ABOUT THIS TASK:
Exactly transcribe the span of lines from the one containing "320 Gal / h" through the final line of the entries, inclusive, and nothing outside it. Exclude the pictures.

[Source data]
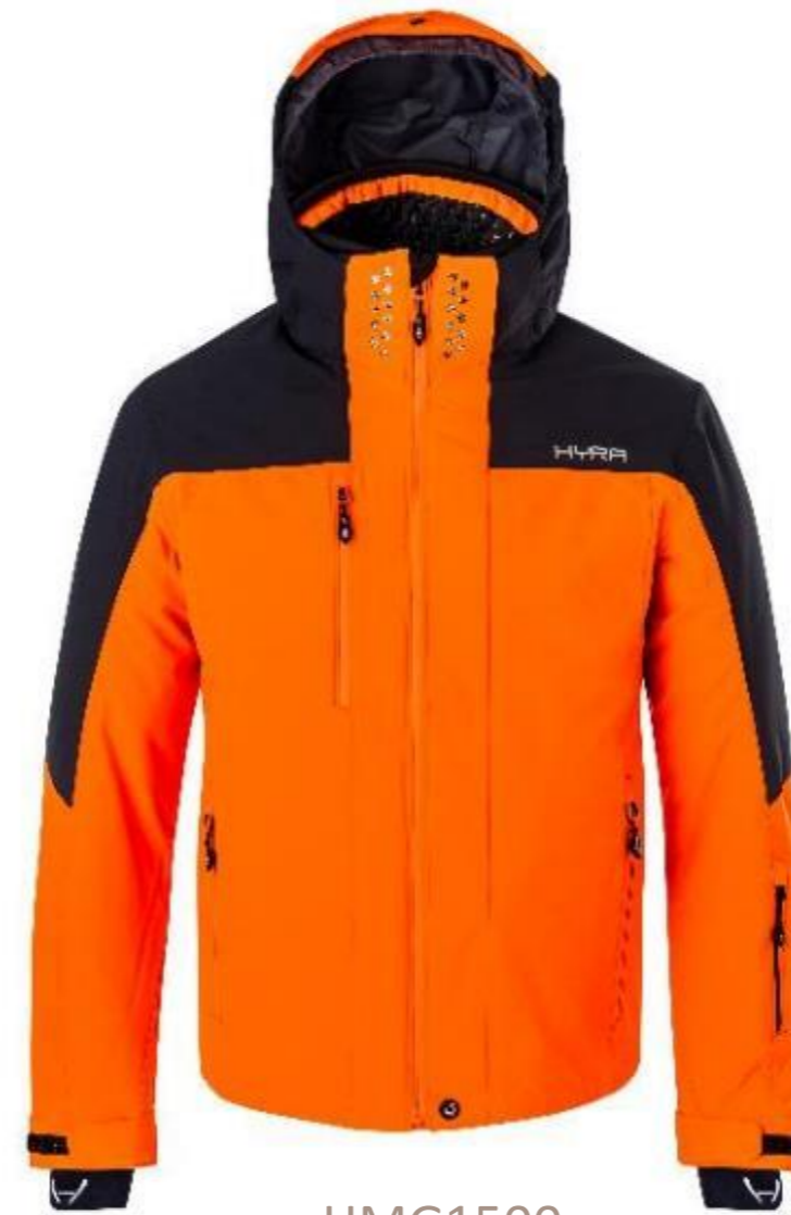
HMG1500 322-SHOCKING ORANGE/LEAD BLUE/WHITE

Removable and adjustable hood, Soft chin protector, Ergonomic sleeves Hyra cuff tightening system, Adjustable hem drawstring (inside pocket access), Interior powder skirt with DWR treatment, Laser-cut neck detail with metal mesh insert, 3D rubberized prints, External pockets, Internal mesh pockets, Polybrushed handwarmer pockets, Integrated goggle wiper Every element is designed for precision, durability and race-level functionality.
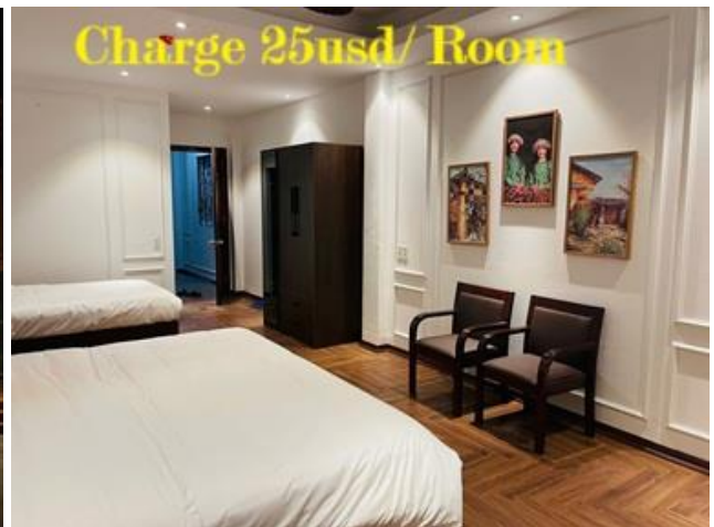
(Image: 1. Free homestay accommodation, 2. Hotel room offering more comfort and privacy – USD 25/room/night – Ha Giang, Vietnam)
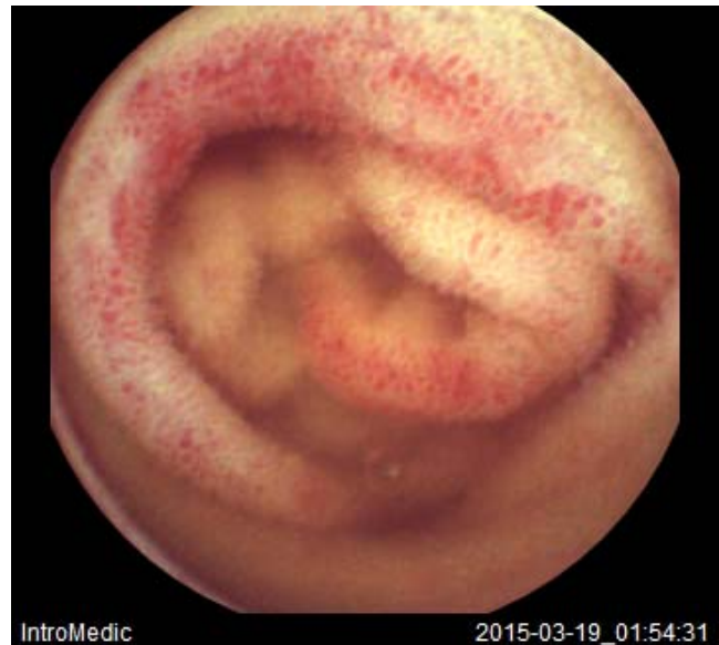
Figure 2. Multiple cherry red spots and villous oedema.
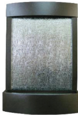
WF4SMZ-RG: 37"H x 25"W x 8"D Pump: 320 Gal / h
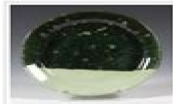
Alligator & Pistachio
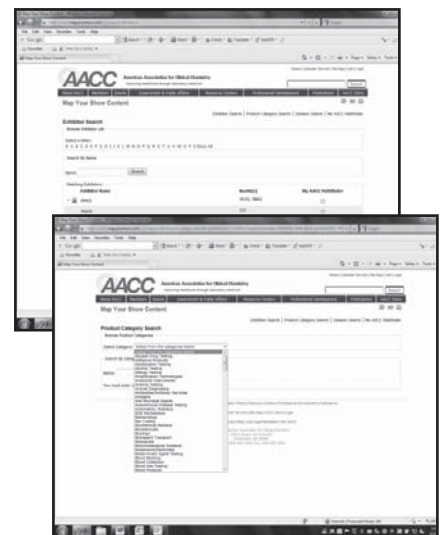
Here are screen shots to show you how easy it will be for website visitors to find you and your products.

ANSWER BOX:
WF4SMZ-RG: 37"H x 25"W x 8"D Pump: 320 Gal / h
Alligator & Pistachio
Here are screen shots to show you how easy it will be for website visitors to find you and your products.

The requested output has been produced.